### Exercise
The lines below, from the first through the one containing "据定期报告数据统计,近三年平", are to be given again exactly, with pictures left out and nothing added.

### Record set
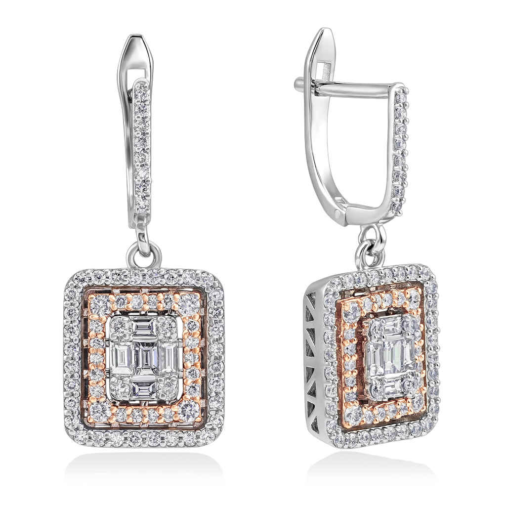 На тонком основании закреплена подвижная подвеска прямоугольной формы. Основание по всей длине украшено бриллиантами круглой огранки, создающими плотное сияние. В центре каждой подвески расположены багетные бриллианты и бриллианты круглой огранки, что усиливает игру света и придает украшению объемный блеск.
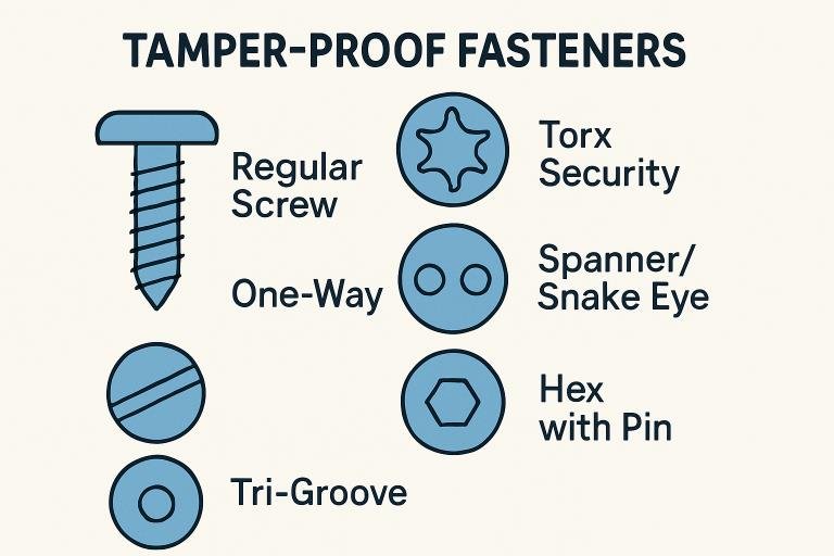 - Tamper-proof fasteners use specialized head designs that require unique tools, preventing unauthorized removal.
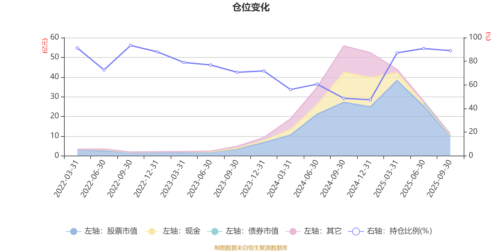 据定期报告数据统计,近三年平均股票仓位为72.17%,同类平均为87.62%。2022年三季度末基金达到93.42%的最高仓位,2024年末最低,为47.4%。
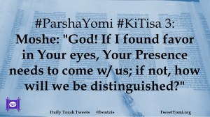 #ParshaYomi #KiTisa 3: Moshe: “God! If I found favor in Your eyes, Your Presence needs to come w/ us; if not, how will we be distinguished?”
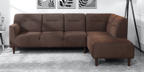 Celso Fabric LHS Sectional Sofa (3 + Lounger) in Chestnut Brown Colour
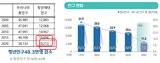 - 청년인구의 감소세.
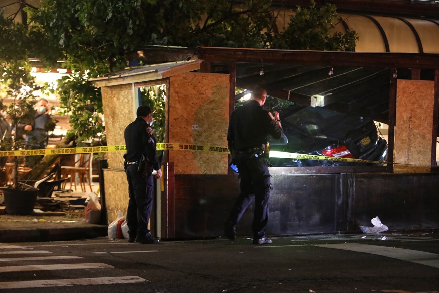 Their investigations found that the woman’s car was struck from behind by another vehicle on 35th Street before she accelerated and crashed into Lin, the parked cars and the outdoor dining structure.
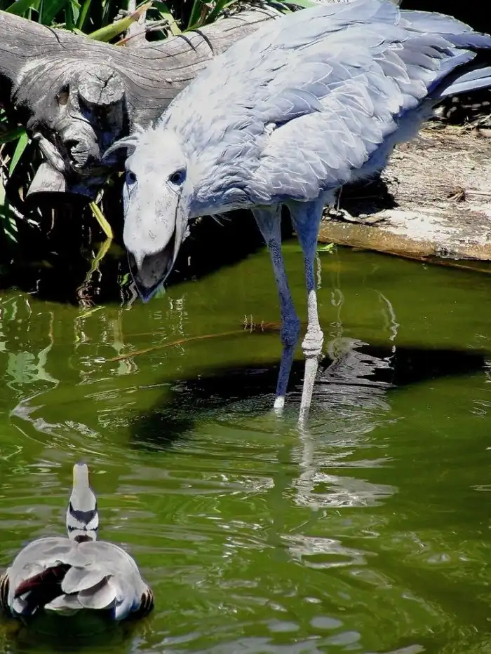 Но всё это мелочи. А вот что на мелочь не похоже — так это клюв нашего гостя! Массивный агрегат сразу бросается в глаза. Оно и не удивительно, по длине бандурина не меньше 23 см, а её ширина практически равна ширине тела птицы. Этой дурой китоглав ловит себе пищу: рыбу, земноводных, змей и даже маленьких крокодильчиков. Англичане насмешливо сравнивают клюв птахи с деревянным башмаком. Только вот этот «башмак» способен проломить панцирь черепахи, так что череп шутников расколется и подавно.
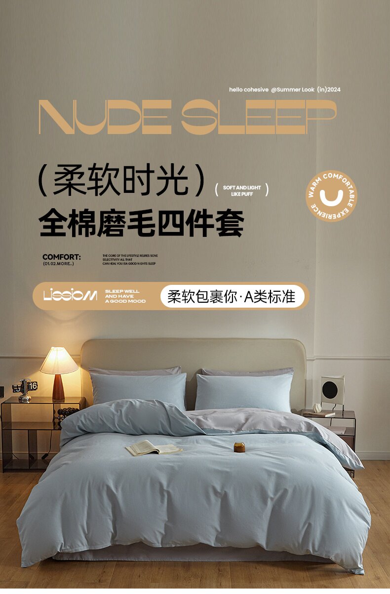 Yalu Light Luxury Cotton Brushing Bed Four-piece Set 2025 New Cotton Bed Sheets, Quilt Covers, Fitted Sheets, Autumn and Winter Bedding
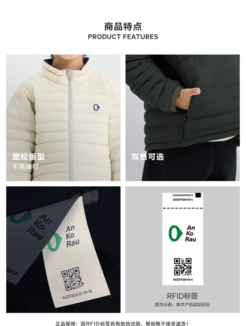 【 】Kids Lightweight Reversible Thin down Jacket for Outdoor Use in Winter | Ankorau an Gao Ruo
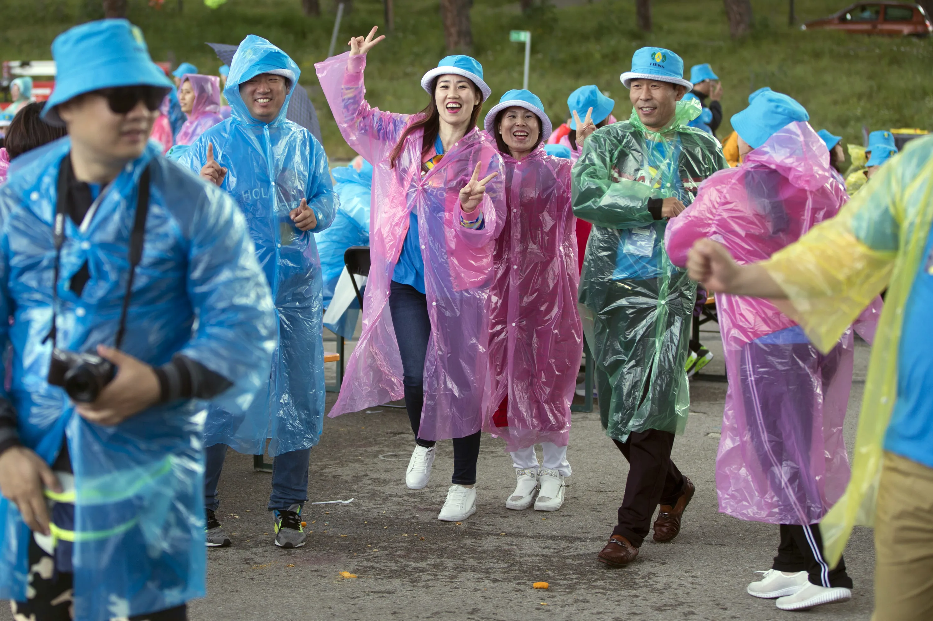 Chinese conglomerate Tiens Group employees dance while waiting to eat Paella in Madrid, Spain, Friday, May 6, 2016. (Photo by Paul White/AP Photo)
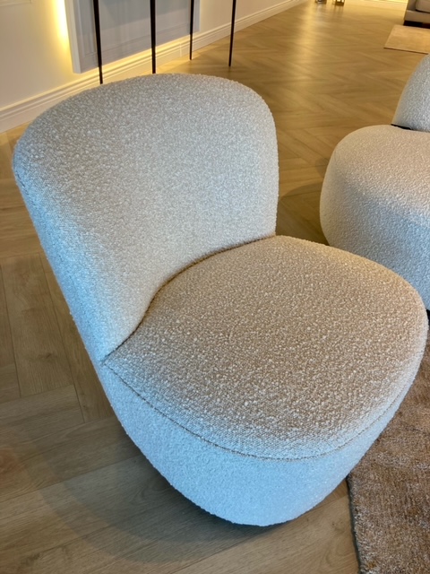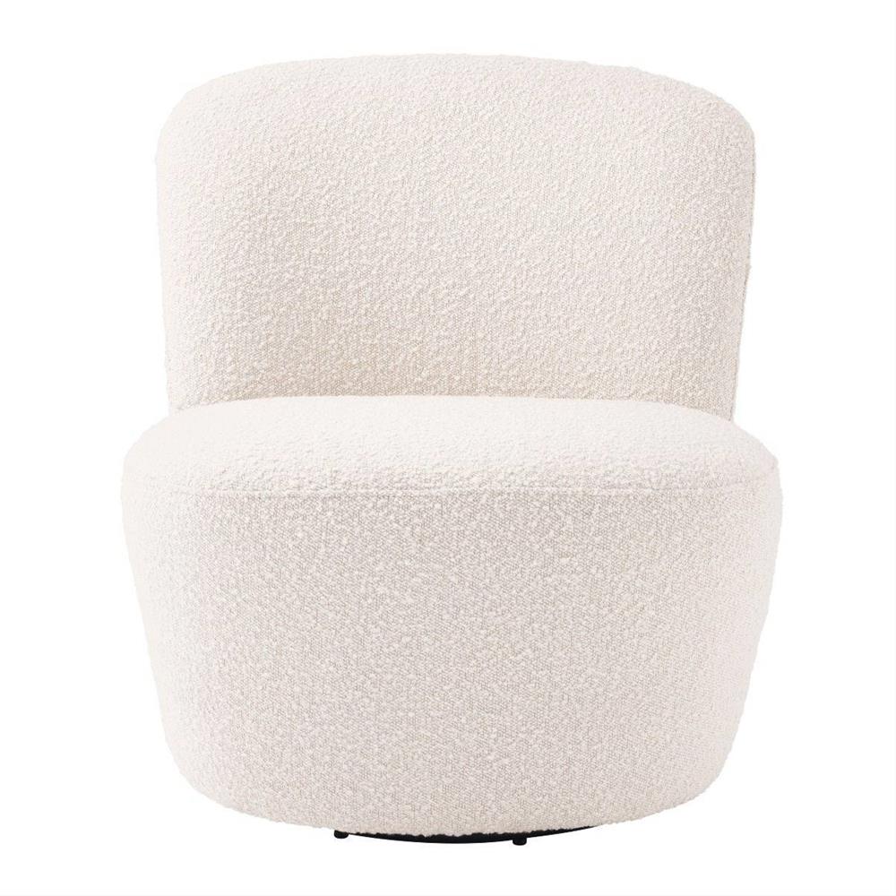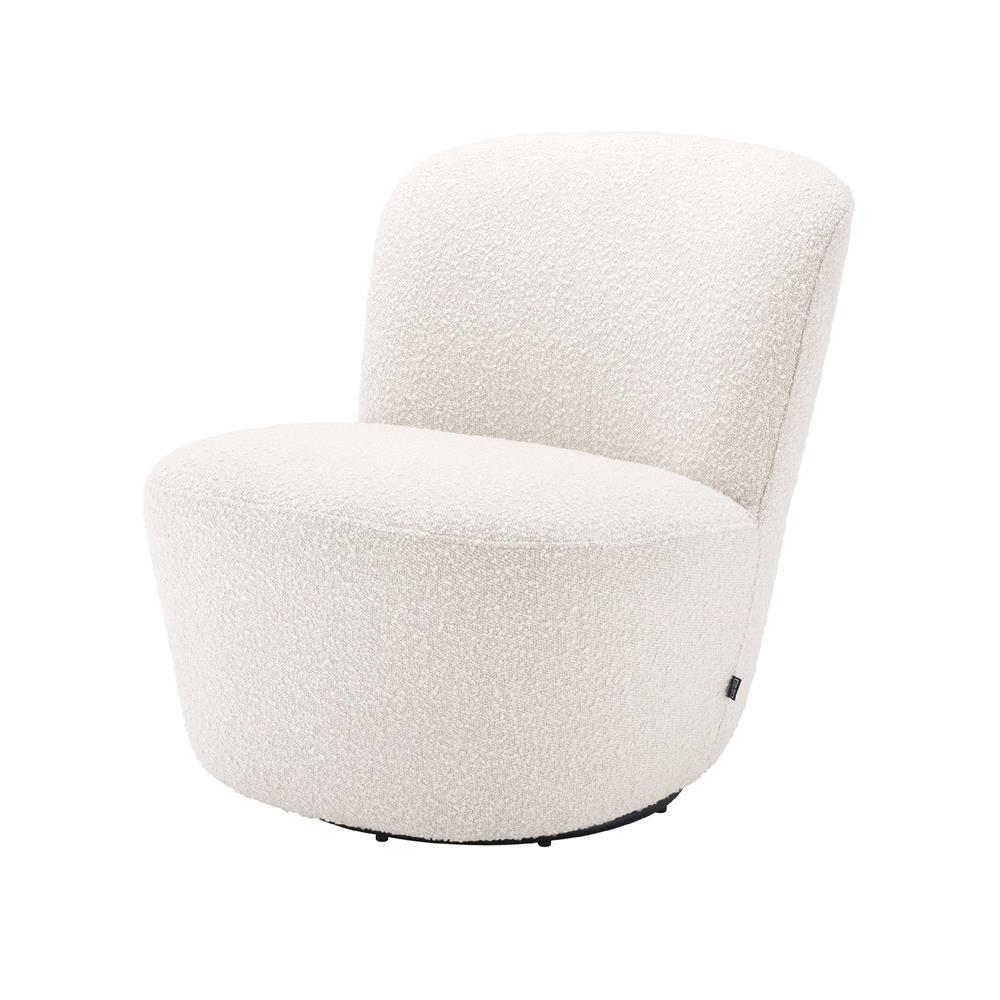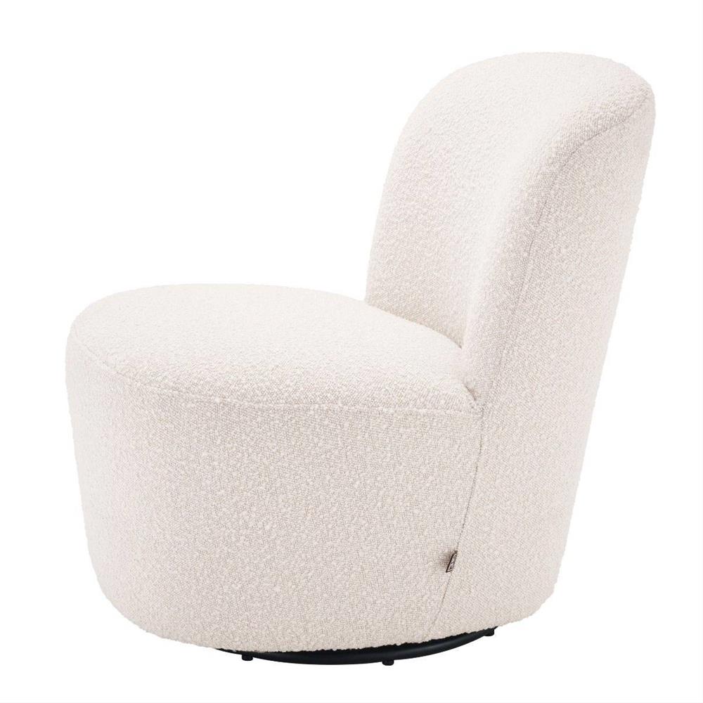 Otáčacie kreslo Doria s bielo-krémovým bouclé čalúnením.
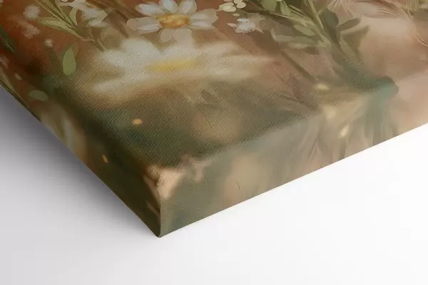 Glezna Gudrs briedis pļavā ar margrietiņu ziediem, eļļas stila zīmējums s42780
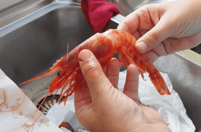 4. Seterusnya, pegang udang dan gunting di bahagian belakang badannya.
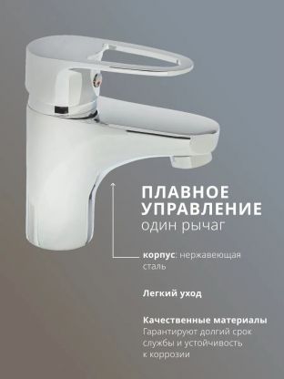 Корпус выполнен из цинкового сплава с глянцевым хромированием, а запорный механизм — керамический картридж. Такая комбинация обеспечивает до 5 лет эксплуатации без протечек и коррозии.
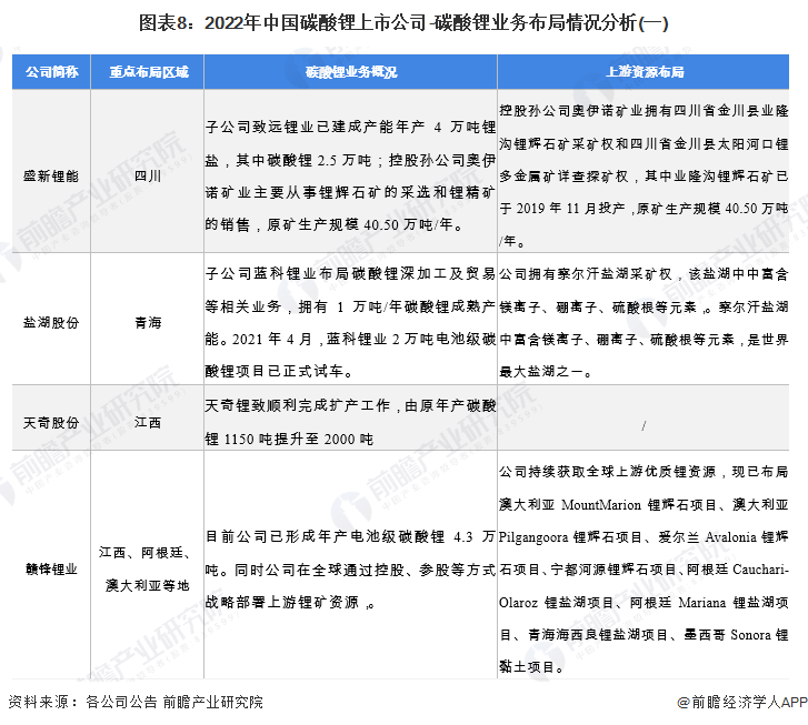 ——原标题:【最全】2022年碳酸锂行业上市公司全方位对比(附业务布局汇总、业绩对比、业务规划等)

### Task answer
 На тонком основании закреплена подвижная подвеска прямоугольной формы. Основание по всей длине украшено бриллиантами круглой огранки, создающими плотное сияние. В центре каждой подвески расположены багетные бриллианты и бриллианты круглой огранки, что усиливает игру света и придает украшению объемный блеск.
 - Tamper-proof fasteners use specialized head designs that require unique tools, preventing unauthorized removal.
 据定期报告数据统计,近三年平均股票仓位为72.17%,同类平均为87.62%。2022年三季度末基金达到93.42%的最高仓位,2024年末最低,为47.4%。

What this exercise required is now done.